Risk Summary
There are no available data on Heparin Sodium Injection use in pregnant women to inform a drug-associated risk of major birth defects and miscarriage. In published reports, heparin exposure during pregnancy did not show evidence of an increased risk of adverse maternal or fetal outcomes in humans. No teratogenicity, but early embryo-fetal death was observed in animal reproduction studies with administration of Heparin Sodium to pregnant rats and rabbits during organogenesis at doses approximately 10 times the maximum recommended human dose (MRHD) of 45,000 units/day [see Data]. Consider the benefits and risks of Heparin Sodium Injection for the mother and possible risks to the fetus when prescribing Heparin Sodium Injection to a pregnant woman.
If available, preservative-free Heparin Sodium Injection is recommended when heparin therapy is needed during pregnancy. There are no known adverse outcomes associated with fetal exposure to the preservative benzyl alcohol through maternal drug administration; however, the preservative benzyl alcohol can cause serious adverse events and death when administered intravenously to neonates and infants [see Warnings and Precautions (5.4)].
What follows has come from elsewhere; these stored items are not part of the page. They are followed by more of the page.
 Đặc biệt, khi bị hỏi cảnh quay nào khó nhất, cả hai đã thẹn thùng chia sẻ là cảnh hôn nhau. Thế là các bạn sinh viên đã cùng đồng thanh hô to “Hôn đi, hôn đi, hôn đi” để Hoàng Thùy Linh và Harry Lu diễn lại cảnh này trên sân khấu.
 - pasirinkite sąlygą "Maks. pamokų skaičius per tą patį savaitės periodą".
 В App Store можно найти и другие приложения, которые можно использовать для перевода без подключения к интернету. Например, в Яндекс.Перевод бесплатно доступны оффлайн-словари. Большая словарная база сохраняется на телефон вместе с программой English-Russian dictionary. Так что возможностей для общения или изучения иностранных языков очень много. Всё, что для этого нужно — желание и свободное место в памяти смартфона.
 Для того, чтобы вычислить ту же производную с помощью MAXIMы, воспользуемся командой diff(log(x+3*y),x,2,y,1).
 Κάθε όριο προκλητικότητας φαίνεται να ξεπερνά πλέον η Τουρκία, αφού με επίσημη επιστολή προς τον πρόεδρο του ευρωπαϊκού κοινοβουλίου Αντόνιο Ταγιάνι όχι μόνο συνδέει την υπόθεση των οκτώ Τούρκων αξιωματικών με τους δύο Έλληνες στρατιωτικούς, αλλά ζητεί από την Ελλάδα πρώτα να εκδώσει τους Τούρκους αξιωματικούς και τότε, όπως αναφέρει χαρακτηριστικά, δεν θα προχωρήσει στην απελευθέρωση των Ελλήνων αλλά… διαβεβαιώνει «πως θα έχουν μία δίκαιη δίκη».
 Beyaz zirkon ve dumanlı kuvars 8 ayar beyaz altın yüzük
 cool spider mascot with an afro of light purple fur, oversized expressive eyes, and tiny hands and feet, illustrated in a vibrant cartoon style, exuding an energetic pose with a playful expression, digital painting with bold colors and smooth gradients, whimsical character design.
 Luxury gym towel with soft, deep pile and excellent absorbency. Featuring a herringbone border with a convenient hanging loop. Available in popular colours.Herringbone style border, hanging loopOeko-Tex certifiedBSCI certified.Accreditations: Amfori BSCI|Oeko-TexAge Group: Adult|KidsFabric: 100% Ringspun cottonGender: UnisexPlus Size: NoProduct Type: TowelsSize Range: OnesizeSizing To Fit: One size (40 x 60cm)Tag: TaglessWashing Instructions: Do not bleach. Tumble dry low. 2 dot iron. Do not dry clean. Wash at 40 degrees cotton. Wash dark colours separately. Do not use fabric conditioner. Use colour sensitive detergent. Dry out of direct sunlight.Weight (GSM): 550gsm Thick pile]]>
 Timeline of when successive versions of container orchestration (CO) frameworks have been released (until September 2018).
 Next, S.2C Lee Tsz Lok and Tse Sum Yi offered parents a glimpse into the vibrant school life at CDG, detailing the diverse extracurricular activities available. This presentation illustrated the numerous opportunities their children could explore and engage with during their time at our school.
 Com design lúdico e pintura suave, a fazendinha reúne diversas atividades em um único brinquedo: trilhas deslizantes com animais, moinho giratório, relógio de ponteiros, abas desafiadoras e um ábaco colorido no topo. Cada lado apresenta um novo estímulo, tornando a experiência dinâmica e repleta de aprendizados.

The background risk of major birth defects and miscarriage for the indicated population is unknown. In the U.S. general population, the estimated background risk of major birth defects and miscarriage in clinically recognized pregnancies is 2–4% and 15–20%, respectively.
Data
Human Data
The maternal and fetal outcomes associated with uses of heparin via various dosing methods and administration routes during pregnancy have been investigated in numerous studies. These studies generally reported normal deliveries with no maternal or fetal bleeding and no other complications.
Animal Data
In a published study conducted in rats and rabbits, pregnant animals received heparin intravenously during organogenesis at a dose of 10,000 units/kg/day, approximately 10 times the maximum human daily dose based on body weight. The number of early resorptions increased in both species. There was no evidence of teratogenic effects.